§ **Given records**:
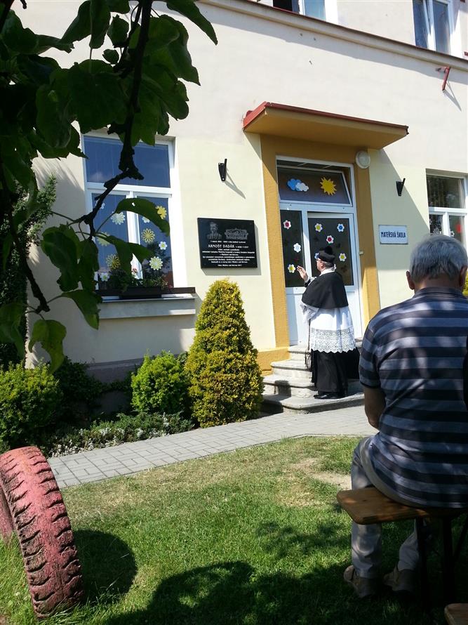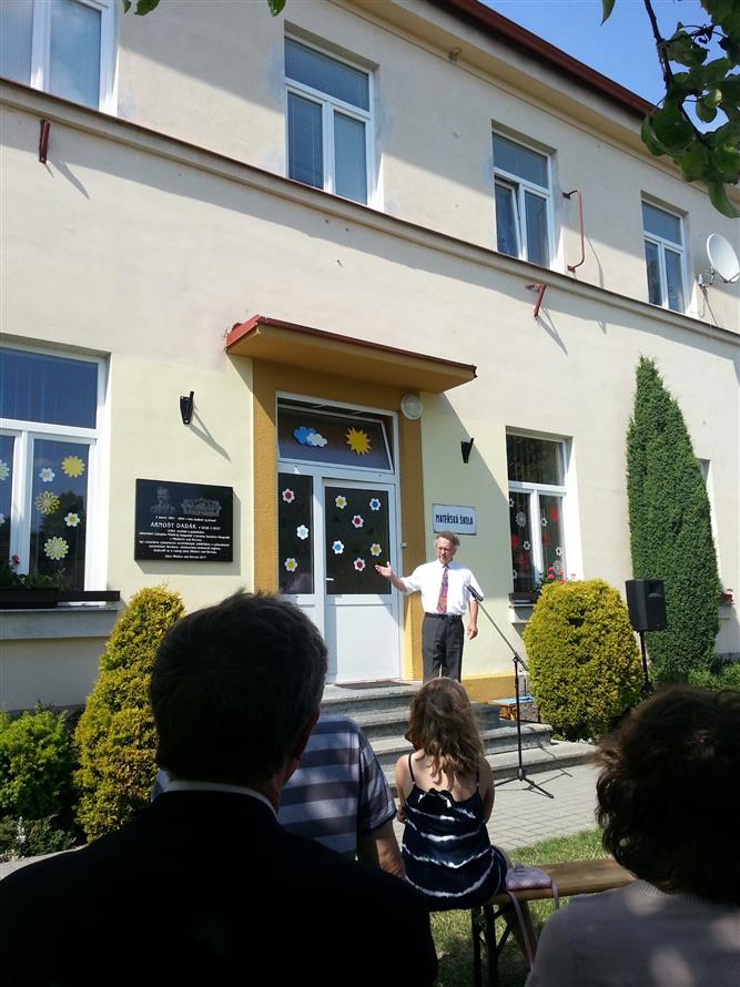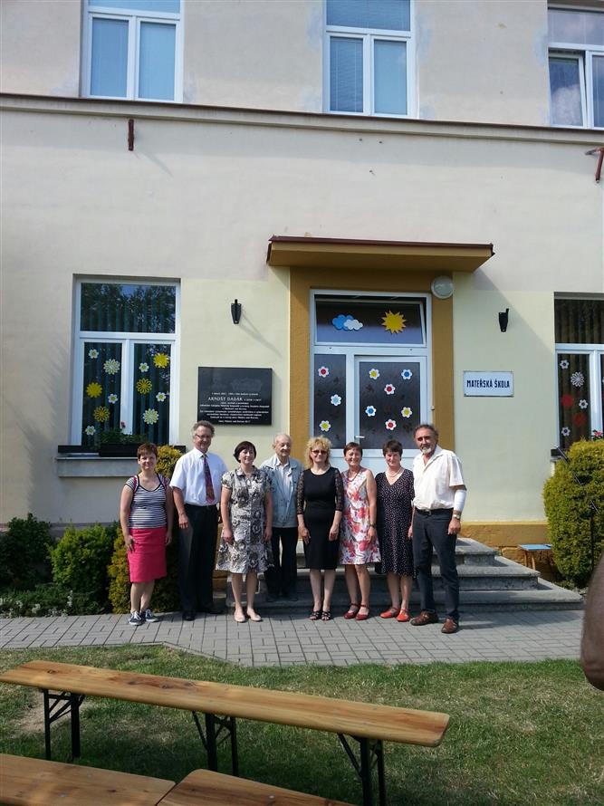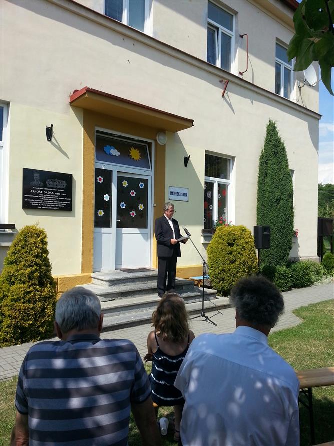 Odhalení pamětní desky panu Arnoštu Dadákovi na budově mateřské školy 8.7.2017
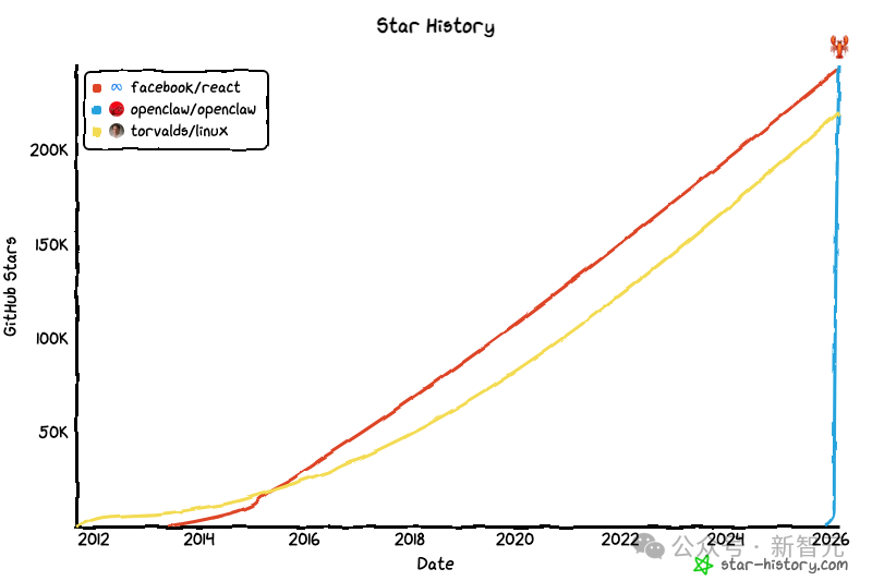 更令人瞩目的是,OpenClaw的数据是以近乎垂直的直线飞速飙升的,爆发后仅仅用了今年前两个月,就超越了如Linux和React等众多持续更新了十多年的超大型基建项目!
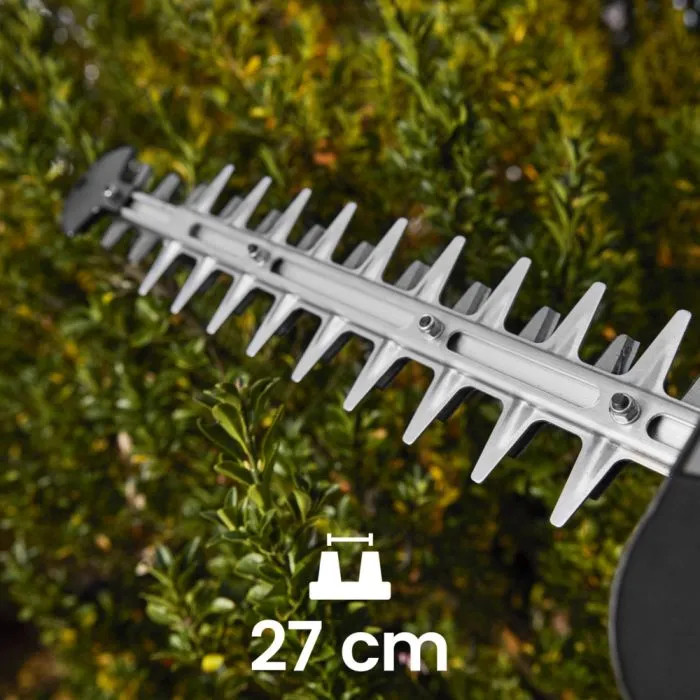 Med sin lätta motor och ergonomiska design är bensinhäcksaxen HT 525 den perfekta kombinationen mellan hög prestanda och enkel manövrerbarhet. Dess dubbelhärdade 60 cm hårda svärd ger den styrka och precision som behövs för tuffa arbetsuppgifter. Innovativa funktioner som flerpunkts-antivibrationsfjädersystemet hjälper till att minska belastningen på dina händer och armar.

* * *

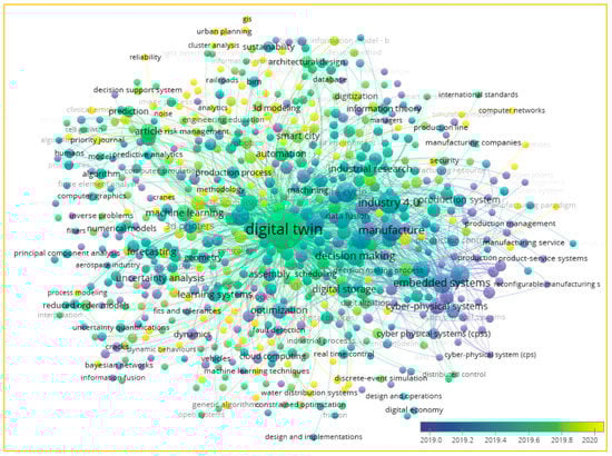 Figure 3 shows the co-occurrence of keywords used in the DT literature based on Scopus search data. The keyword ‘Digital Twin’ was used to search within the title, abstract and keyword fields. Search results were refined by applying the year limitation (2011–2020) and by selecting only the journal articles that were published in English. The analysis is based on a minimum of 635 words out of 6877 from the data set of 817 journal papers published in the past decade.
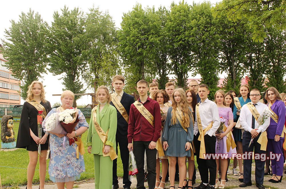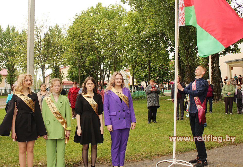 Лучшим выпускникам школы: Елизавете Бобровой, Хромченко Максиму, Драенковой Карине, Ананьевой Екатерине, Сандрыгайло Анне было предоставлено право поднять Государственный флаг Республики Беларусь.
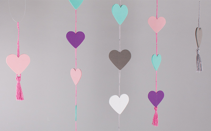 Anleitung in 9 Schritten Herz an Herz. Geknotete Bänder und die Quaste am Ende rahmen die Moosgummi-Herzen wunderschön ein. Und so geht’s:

---

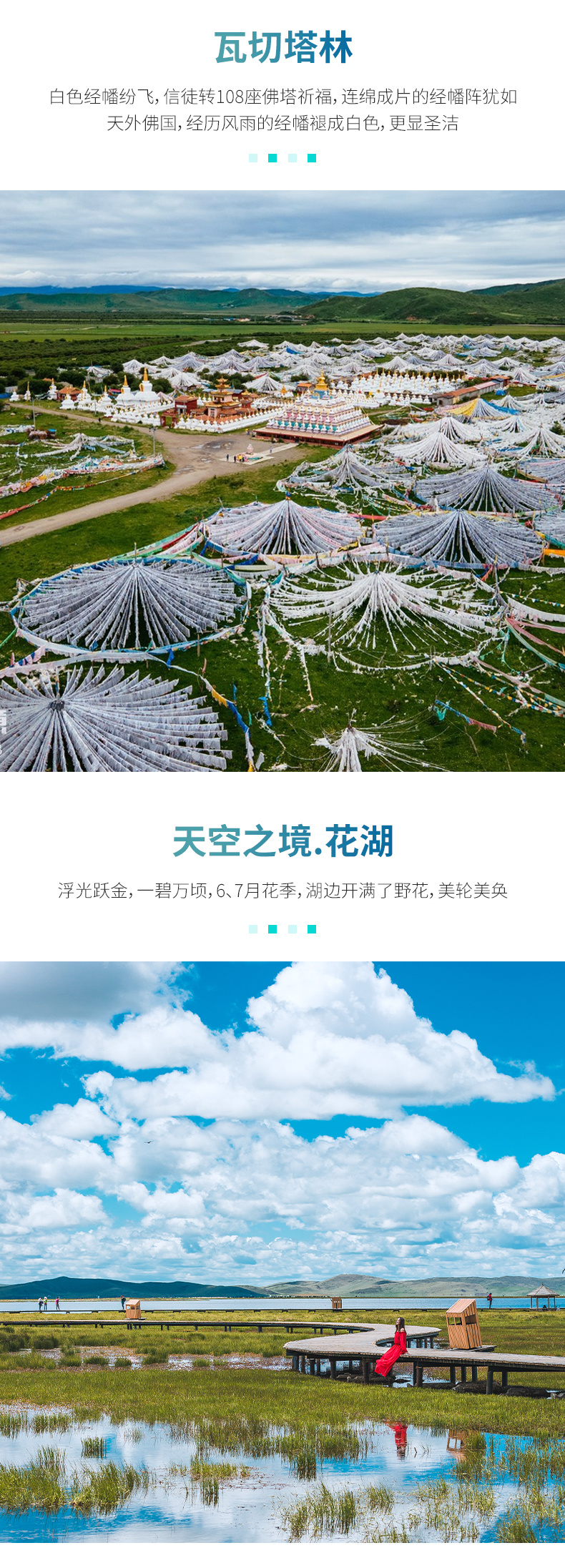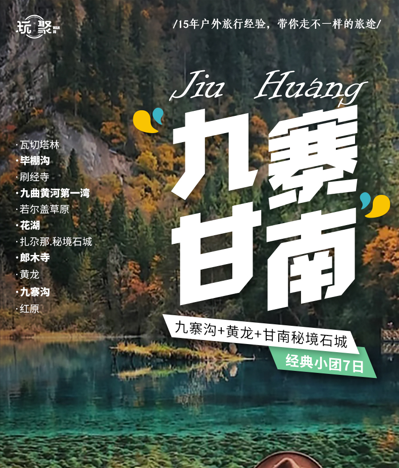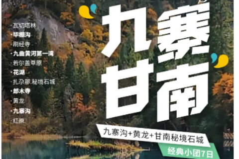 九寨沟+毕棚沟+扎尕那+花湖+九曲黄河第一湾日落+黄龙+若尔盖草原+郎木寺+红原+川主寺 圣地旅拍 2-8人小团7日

§ **Problem requirements**: All that is wanted is the lines above between the one containing "Odhalení pamětní desky" and the one containing "Med sin lätta", inclusive, restated word for word, with pictures omitted.

§ **Written response**:
 Odhalení pamětní desky panu Arnoštu Dadákovi na budově mateřské školy 8.7.2017
 更令人瞩目的是,OpenClaw的数据是以近乎垂直的直线飞速飙升的,爆发后仅仅用了今年前两个月,就超越了如Linux和React等众多持续更新了十多年的超大型基建项目!
 Med sin lätta motor och ergonomiska design är bensinhäcksaxen HT 525 den perfekta kombinationen mellan hög prestanda och enkel manövrerbarhet. Dess dubbelhärdade 60 cm hårda svärd ger den styrka och precision som behövs för tuffa arbetsuppgifter. Innovativa funktioner som flerpunkts-antivibrationsfjädersystemet hjälper till att minska belastningen på dina händer och armar.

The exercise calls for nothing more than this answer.